Kingsway (also known as Kingsway Club, and Bliss) was a nightclub and casino built in 1931 at the south end of the Promenade in the seaside resort of Southport, Merseyside, England. In the 1960s it hosted many well-known celebrities, such as The Beatles, Tom Jones, and Engelbert Humperdinck. It was also very popular during the 1980s punk era and the 1990s dance era.

The nightclub and bar closed in 2004 and reopened for a short time during 2006 before closing its doors for the last time in 2007. In 2008 plans were put forward to demolish the site and build a luxury hotel, apartments and retail complex, none of which came to fruition. On 6 September 2010, a major fire destroyed the derelict building. The building was demolished two days later.

==History==
The Kingsway was built in the 1931 in an art deco style with large portrait windows and hexagonal turrets with hexagonal windows. It was constructed over three floors, the basement being a bar, the ground floor being a nightclub, and the top floor being a casino.

On 22 January 1962 the Beatles had their first gig at Kingsway, which was then known as the Kingsway Club. On 5 February 1962, Ringo Starr made his debut with the Beatles at Kingsway when he replaced then-drummer Pete Best, who was ill at the time. The Beatles are known to have made 7 appearances at the Kingsway in 1962 before moving onto bigger projects and fame.

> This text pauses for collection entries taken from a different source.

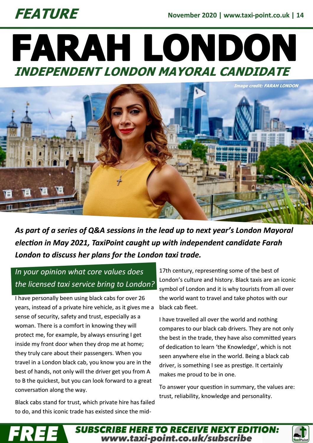 As part of a series of Q&A sessions in the lead up to next year’s London Mayoral election in May 2021, TaxiPoint caught up with independent candidate Farah London to discuss her plans for the London taxi trade. 17th century, representing some of the best of London’s culture and history. Black taxis are an iconic symbol of London and it is why tourists from all over the world want to travel and take photos with our I have personally been using black cabs for over 26 years, instead of a private hire vehicle, as it gives me a black cab fleet. sense of security, safety and trust, especially as a I have travelled all over the world and nothing woman. There is a comfort in knowing they will compares to our black cab drivers. They are not only protect me, for example, by always ensuring I get the best in the trade, they have also committed years inside my front door when they drop me at home; of dedication to learn ‘the Knowledge’, which is not they truly care about their passengers. When you seen anywhere else in the world. Being a black cab travel in a London black cab, you know you are in the driver, is something I see as prestige. It certainly best of hands, not only will the driver get you from A makes me proud to be in one. to B the quickest, but you can look forward to a great To answer your question in summary, the values are: conversation along the way. trust, reliability, knowledge and personality. Black cabs stand for trust, which private hire has failed to do, and this iconic trade has existed since the mid-
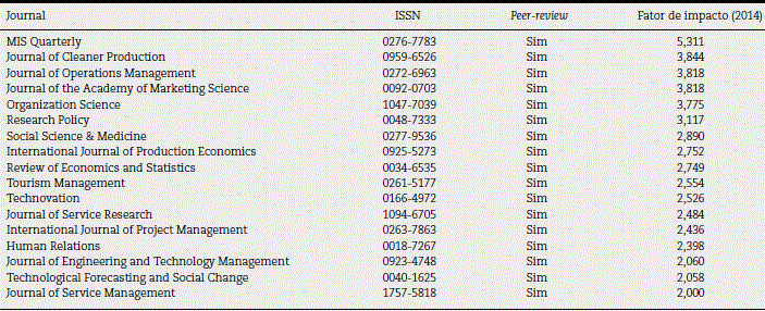 Para responder à pergunta norteadora deste estudo, aplicouse, na base de dados Scopus, em abril de 2016, as palavras-chaves: «service innovation», «services innovation», «innovation in service» e «innovation in services», devido à ampla recorrência dessas palavras na literatura usada para o referencial teórico. Delimitou-se, em 20 anos, o período do levantamento (1996-2015). Além disso, foram selecionadas as áreas de «Business, Management and Accounting» e «Economics, Econometrics and Finance». Assim, aplicadas as restriç ões, obteve-se um resultado de 6.401 trabalhos e, a partir desse resultado, foram selecionados apenas os publicados em periódicos com fator de impacto maior ou igual a 2, totalizando 134 trabalhos com potencial para inclusão. Na tabela 1, apresentamse os periódicos utilizados.
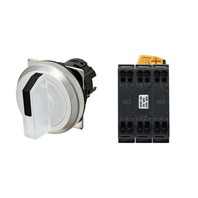 セレクタスイッチ(φ30), 照光, 3ノッチ, 金属ベゼル, 左右に自動復帰, 操作部色: 白(透明), IP66, プッシュインPlus端子台, 接点構成: NO/点灯ユニット/NO, LEDランプ色: 黄, LEDランプ電圧: AC/DC12V

The Kingsway also hosted performances by Tom Jones, Engelbert Humperdinck, Norman Wisdom (while filming What's Good for the Goose film at the Birkdale Palace Hotel in 1969), Larry Grayson, Tom O'Connor, and Cilla Black.
Golfer Lee Trevino visited the casino of the Kingsway during the Open Golf in the 1960s.

In the 1960s, 1980s and 1990s, the Kingsway was Southport's major nightclub, attracting very large crowds of partygoers every weekend. Cabaret acts were booked for the week, and audiences were thin on the ground Monday to Thursday; and for a comedian it was a hard club to work on those nights. In the late 1990s it was renamed "Bliss". It also added a bingo hall.

The Kingsway was closed in 2003 and reopened in November 2006. The nightclub was reopened as "Kingsway" and the bar re-opened as "Berlin's Bar" by well known club owner Paul Clarke. This new start was short-lived; the nightclub closed the following year.
Longest serving member of staff was DJ Jay 19 years hosting and djing over nearly 2 decades.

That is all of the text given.